This post explains entropy, primarily defining it as a measure of uncertainty. It introduces:
- Shannon Entropy (Information Theory): Quantifies uncertainty as the expected 'surprise' or minimum bits needed to describe a system's state, dependent on outcome probabilities.
- Physical Entropy (Statistical Mechanics): Relates entropy to the logarithm of the number of microscopic states (microstates) corresponding to a macroscopic observation (macrostate). Higher entropy means more possible microstates for a given macrostate.
- Entropy and Time: The apparent 'arrow of time' (why systems tend towards mixing/equilibrium) arises because systems evolve towards macrostates with vastly more corresponding microstates (higher entropy), assuming the universe started in a low-entropy state (Past Hypothesis). Microscopic laws are time-reversible, but macroscopic behavior appears irreversible due to statistics and coarse-graining.
- Clarifications: Addresses apparent violations (e.g., refrigerators, life) by noting entropy must increase for the total system. Critiques the analogy of entropy as mere 'disorder'.
This article by Jason Fantl explores entropy across different disciplines—information theory, statistical mechanics, and thermodynamics—to build an intuitive understanding of the concept. Here are the main points:
- Definition of Entropy: Entropy quantifies uncertainty.

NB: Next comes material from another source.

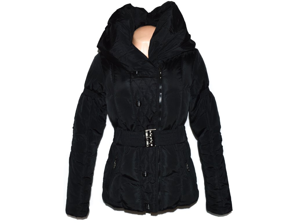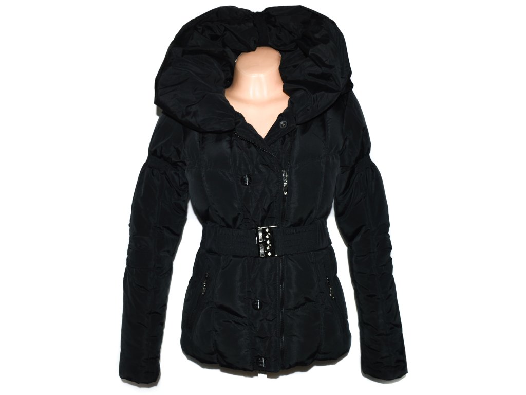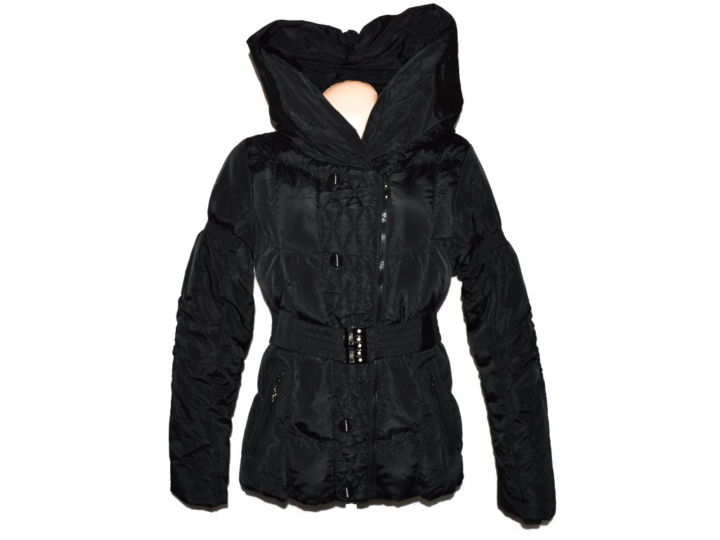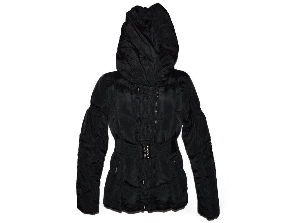 Dámský černý prošívaný kabát - křivák s pásekm a límcem Forest S

In information theory, it determines the minimum number of bits needed to encode a message. In physics, entropy is linked to disorder and the number of possible microstates in a system.
- Entropy in Information Theory: Claude Shannon introduced entropy as a measure of uncertainty in communication. His colleague John von Neumann suggested the name because "nobody really knows what entropy is anyway."
- Physical Entropy: Statistical mechanics defines entropy in terms of microstates and macrostates. Systems tend to move toward higher entropy because there are more ways to arrange particles in a "disordered" state than an "ordered" one.
- Macrostates & Microstates: The entropy of a system depends on how its state is measured—different ways of describing a system lead to different entropy values.
- Entropy & Time: Microscopic physics laws are time-reversible, but macroscopic systems exhibit an arrow of time because entropy increases. Examples like mixing milk into tea demonstrate how entropy drives irreversible processes.
The article ultimately connects these ideas to broader implications, including thermodynamic equilibrium, coarse-graining, and entropy's role in understanding the passage of time.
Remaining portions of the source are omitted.